2.1. Application Layer
The Application Layer (or User Layer) is mainly responsible for of
video encoding and its packaging into chunks (at the source) and de-
chunkization and decoding at receivers. Standard encoding tools like
ffmpeg can be used by the User Layer, whose goal is not implementing
a proprietary video encoder, but supporting as many as possible
standard formats (MPEG1/2/4, H.264, etc.). Depending on the type of
video source this may include analog/digital conversion, encoding and
any other video manipulation that the content provider whishes to do,
like advertising introduction and similar.

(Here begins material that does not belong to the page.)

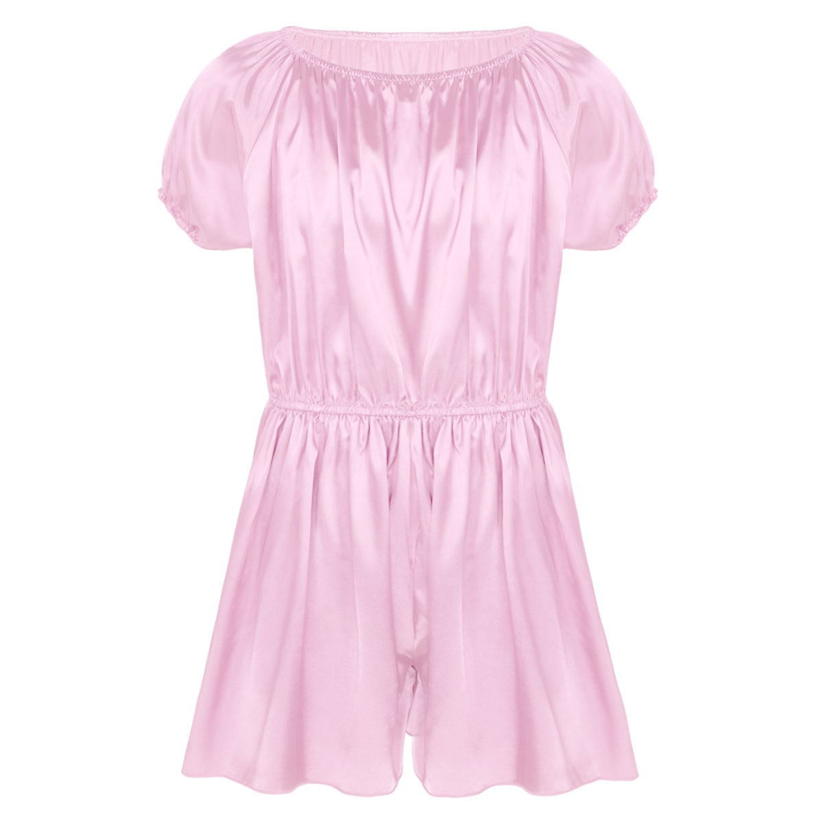 Herren sissy glatte satin phantasie kleid hosen, ziehen auf verschluss.

The standardization of the application layer is out-of-scope for IETF
PPSP work other than considerations on how to express and transport
metadata information about the content.
2.2. Topology Management
A P2P-TV client needs to communicate efficiently with other peers to
receive and redistribute the huge amount of information embedded in a
video stream. Information must arrive in nearly real-time and with
small delay variation. The application goal is then to deliver all
the video information to all peers in the system in the smallest
possible amount of time. One of the key enabling factors is who are
the peers to communicate with, i.e. the neighborhood selection.
The overlay network in P2P systems is the result of a distributed
algorithm that builds and maintains the neighborhood at each peer.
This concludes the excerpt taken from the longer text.